### Items from a data source
Content starts
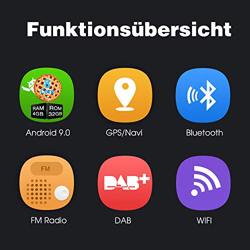 ☀️ Das neueste Betriebssystem: Android 9.0 Pie, Arbeitsspeicher (RAM): 4GB, Interner Speicher (ROM): 32GB, mehr Speicher für Apps-Installtion, Hauptprozessor(CPU): Octa Core Prozessor, Bildschirmauflösung: 1024×600, Ausgangsleistung: max. 4x50W, Eingebauter Marken-Radio-IC: NXP TEF6686 für besseren Radioempfang
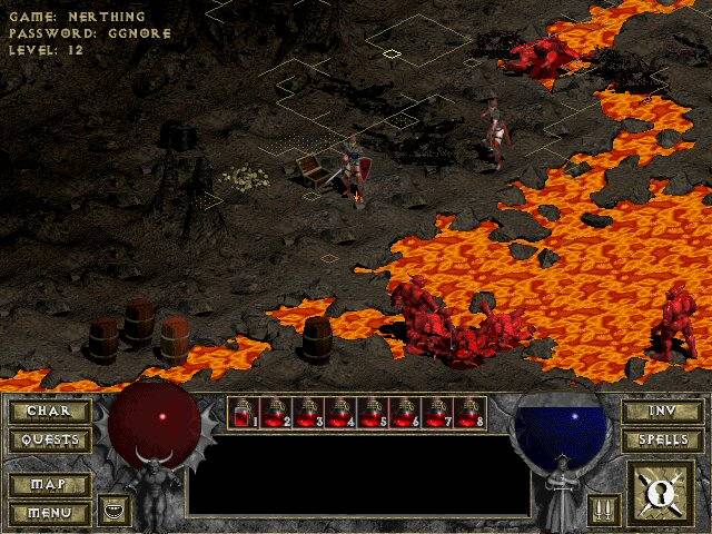 Confesso que a interface do jogo inicialmente me causou alguma confusão. A nossa party está dividida em 2 linhas de 2 lutadores, sendo que apenas os da frente conseguem usar golpes melee, pelo que é de bom senso deixar os slots traseiros para os mágicos ou arqueiros do grupo. O movimento é dado pelas teclas WASD, se bem que temos também as teclas Q e E para nos virarmos para a esquerda ou direita respectivamente. Depois voltando à nossa party, o inventário é curioso. Para além do seu retrato e barras de energia, vemos também as suas duas mãos, podendo equipá-los com items nas mesmas. Para atacar com algum item que alguém tenha equipado nas mãos basta clicar-lhe com o botão direito do rato. Contudo para os mágicos tal é diferente. Ao clicar com o botão direito nas suas mãos, vara mágica ou bola de cristal temos acesso a um conjunto de runas e é clicando em várias dessas runas que vamos disparando os diferentes feitiços. Em momentos de aflição é um esquema algo complicado, em especial se quisermos utilizar algum feitiço poderoso que necessite de 3 ou mais runas activas. Outra coisa interessante é a energia que vamos perdendo ao longo do jogo, tendo nós de nos alimentarmos depois, seja de alimentos que encontremos espalhados nos labirintos ou de carcaças deixadas pelos inimigos. E o jogo tem também um sistema de crafting que nos permite criar vários tipos de poções, usando para isso várias ervas ou outros items que podemos ir coleccionando.
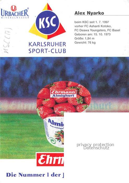 74051885 Fussball Soccer Football– Alex Nyarko KSC Autogramm postalisch nicht gelaufen Erhaltung siehe scans [IrynaD87] KatCode: 22520000002900
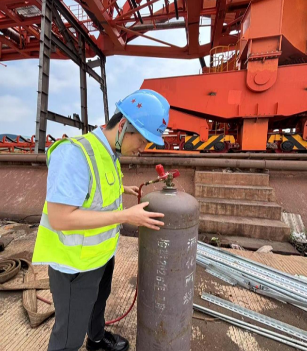 “安全沒有淡旺季!”項目組裴騰飛手持精密檢測儀器,對臨時用電逐項“過篩”,從配電箱漏電保護器的毫秒級靈敏度,到每一根電纜的敷設走向,發現私拉亂接、破皮老化立即督促整改;氧氣、乙炔瓶逐一“體檢”,間距、遮陽、防傾倒一個都不放過,超期或缺陷氣瓶現場封箱退場。逐一核對特種作業人員持證信息、三級安全教育記錄及安全技術交底資料,確保“人、證、崗”100%匹配。
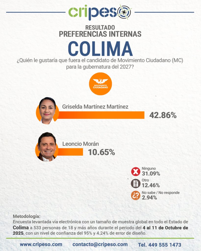 Para el partido Movimiento Ciudadano (MC) , Griselda Martínez Martínez es la favorita, con el 42.86% de la intención de voto. A pesar de esto, el 31.09% de los encuestados indicó «Ninguno/a». Leoncio Morán es el siguiente aspirante, con el 10.65%.
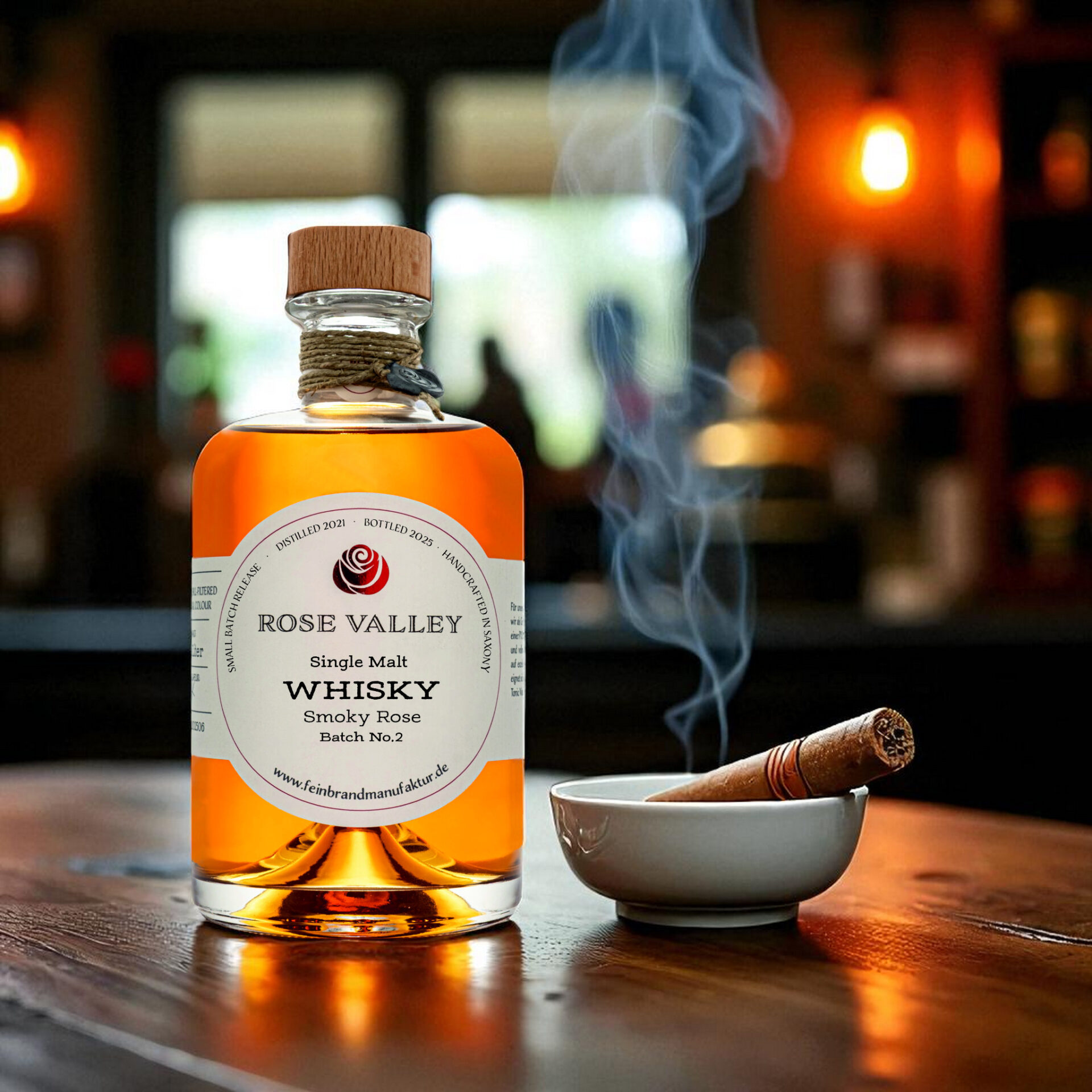 Die Basis des „Smoky Rose Batch 2“ ist ein sächsischer Single Malt Whisky, der vollständig in Madeira-Fässern reifen durfte. Diese Fässer verleihen ihm eine edle Fruchtnote und eine sanfte Würze – Aromen, die man unter anderem von Rosinen, kandierten Zitrusfrüchten und warmem Eichenholz kennt. Zum krönenden Abschluss erhält dieser Whisky durch ein Ex-Laphroaig-Fass seine charakteristischen Torfnoten – dezent, aber unverkennbar.
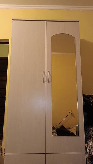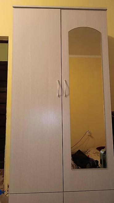 - Фасад: две распашные двери, на правой — большое зеркало с арочным верхом. Удобные ручки.
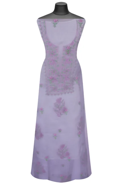 Srajann Hand Embroided Grey Organza Lucknowi Chikankari Unstitched Kurta Dupatta Set (SLC1738)
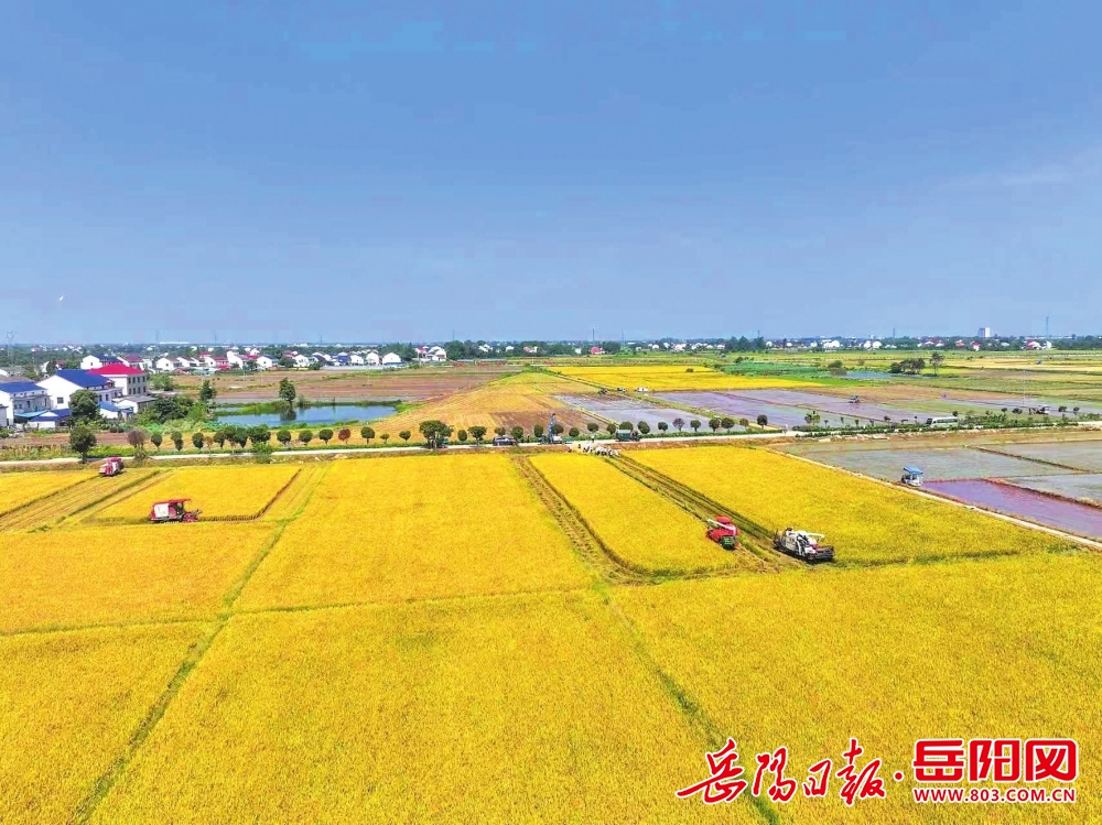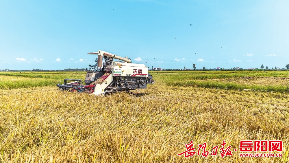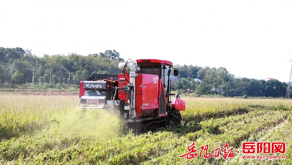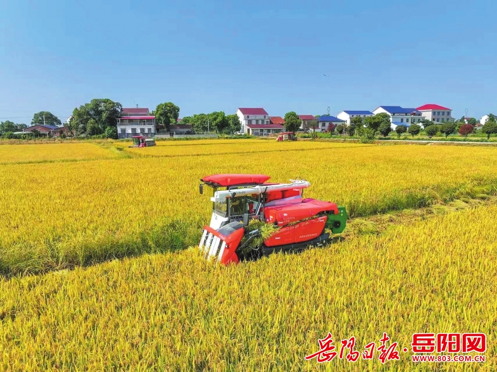 云溪區,收割機械在金黃色的稻浪中穩健前行。
Content ends
### Task to complete
All of the data should be returned word for word, with each picture left out.

### Answer to this problem
 ☀️ Das neueste Betriebssystem: Android 9.0 Pie, Arbeitsspeicher (RAM): 4GB, Interner Speicher (ROM): 32GB, mehr Speicher für Apps-Installtion, Hauptprozessor(CPU): Octa Core Prozessor, Bildschirmauflösung: 1024×600, Ausgangsleistung: max. 4x50W, Eingebauter Marken-Radio-IC: NXP TEF6686 für besseren Radioempfang
 Confesso que a interface do jogo inicialmente me causou alguma confusão. A nossa party está dividida em 2 linhas de 2 lutadores, sendo que apenas os da frente conseguem usar golpes melee, pelo que é de bom senso deixar os slots traseiros para os mágicos ou arqueiros do grupo. O movimento é dado pelas teclas WASD, se bem que temos também as teclas Q e E para nos virarmos para a esquerda ou direita respectivamente. Depois voltando à nossa party, o inventário é curioso. Para além do seu retrato e barras de energia, vemos também as suas duas mãos, podendo equipá-los com items nas mesmas. Para atacar com algum item que alguém tenha equipado nas mãos basta clicar-lhe com o botão direito do rato. Contudo para os mágicos tal é diferente. Ao clicar com o botão direito nas suas mãos, vara mágica ou bola de cristal temos acesso a um conjunto de runas e é clicando em várias dessas runas que vamos disparando os diferentes feitiços. Em momentos de aflição é um esquema algo complicado, em especial se quisermos utilizar algum feitiço poderoso que necessite de 3 ou mais runas activas. Outra coisa interessante é a energia que vamos perdendo ao longo do jogo, tendo nós de nos alimentarmos depois, seja de alimentos que encontremos espalhados nos labirintos ou de carcaças deixadas pelos inimigos. E o jogo tem também um sistema de crafting que nos permite criar vários tipos de poções, usando para isso várias ervas ou outros items que podemos ir coleccionando.
 74051885 Fussball Soccer Football– Alex Nyarko KSC Autogramm postalisch nicht gelaufen Erhaltung siehe scans [IrynaD87] KatCode: 22520000002900
 “安全沒有淡旺季!”項目組裴騰飛手持精密檢測儀器,對臨時用電逐項“過篩”,從配電箱漏電保護器的毫秒級靈敏度,到每一根電纜的敷設走向,發現私拉亂接、破皮老化立即督促整改;氧氣、乙炔瓶逐一“體檢”,間距、遮陽、防傾倒一個都不放過,超期或缺陷氣瓶現場封箱退場。逐一核對特種作業人員持證信息、三級安全教育記錄及安全技術交底資料,確保“人、證、崗”100%匹配。
 Para el partido Movimiento Ciudadano (MC) , Griselda Martínez Martínez es la favorita, con el 42.86% de la intención de voto. A pesar de esto, el 31.09% de los encuestados indicó «Ninguno/a». Leoncio Morán es el siguiente aspirante, con el 10.65%.
 Die Basis des „Smoky Rose Batch 2“ ist ein sächsischer Single Malt Whisky, der vollständig in Madeira-Fässern reifen durfte. Diese Fässer verleihen ihm eine edle Fruchtnote und eine sanfte Würze – Aromen, die man unter anderem von Rosinen, kandierten Zitrusfrüchten und warmem Eichenholz kennt. Zum krönenden Abschluss erhält dieser Whisky durch ein Ex-Laphroaig-Fass seine charakteristischen Torfnoten – dezent, aber unverkennbar.
 - Фасад: две распашные двери, на правой — большое зеркало с арочным верхом. Удобные ручки.
 Srajann Hand Embroided Grey Organza Lucknowi Chikankari Unstitched Kurta Dupatta Set (SLC1738)
 云溪區,收割機械在金黃色的稻浪中穩健前行。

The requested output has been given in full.